Not sure if it was due to the poor quality of the sound, the fact people used to speak a bit differently 60 years ago or that 3 different languages were used (plot took place in France during WW2).
I feel you. In the late 00's/early 10's, downloading and getting American movies were fairly easy but getting the subtitles was a challenge. It was even worse with movies from other regions. Even now I know people that record conversations to be replayed using Whisper so they can get 100% the info from it.
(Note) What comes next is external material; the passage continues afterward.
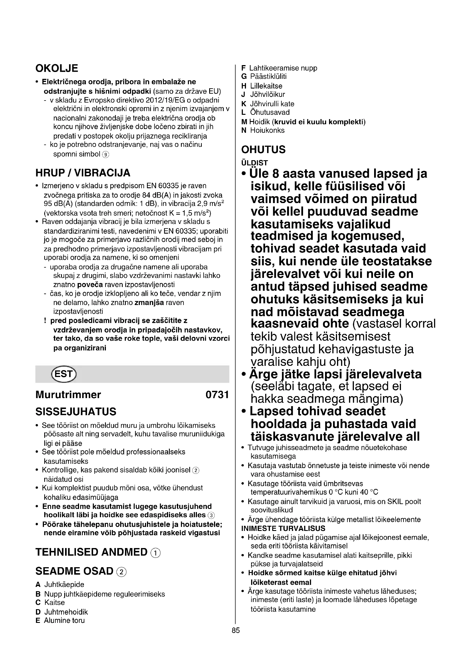 - Pöörake tähelepanu ohutusjuhistele ja hoiatustele; nende eiramine võib põhjustada raskeid vigastusi TEHNILISED ANDMED 1 SEADME OSAD 2 A Juhtkäepide B Nupp juhtkäepideme reguleerimiseks C Kaitse D Juhtmehoidik E Alumine toru F Lahtikeeramise nupp G Päästiklüliti H Lillekaitse J Jõhvilõikur K Jõhvirulli kate L Õhutusavad M Hoidik (kruvid ei kuulu komplekti) N Hoiukonks OHUTUS ÜLDIST

Disclaimer: I'm not praising piracy but outside of US borders is a free for all.
Using AI to generate subtitles is inventive. Is it smart enough to insert the time codes such that the subtitle is well enough synchronised to the spoken line?
As someone who has started losing the higher frequencies and thus clarity, I have subtitles on all the time just so I don't miss dialogue. The only pain point is when the subtitles (of the same language) are not word-for-word with the spoken line. The discordance between what you are reading and hearing is really distracting.
This is my major peeve with my The West Wing DVDs, where the subtitles are often an abridgement of the spoken line.
> Is it smart enough to insert the time codes such that the subtitle is well enough synchronised to the spoken line?
Yes, Whisper has been able to do this since the first release. At work we use it to live-transcribe-and-translate all-hands meetings and it works very well.
I don't think you are also including having AI lie of "hallucinating" to us which is an important point even if the article is only about having AI write code for an organization.
What is the relevance of this comment? The post is about LLMs in programming. Not about translation or NLP, two things transformers do quite well and that hardly anyone contests.
would be interesting if court transcriptions can be handled by these models.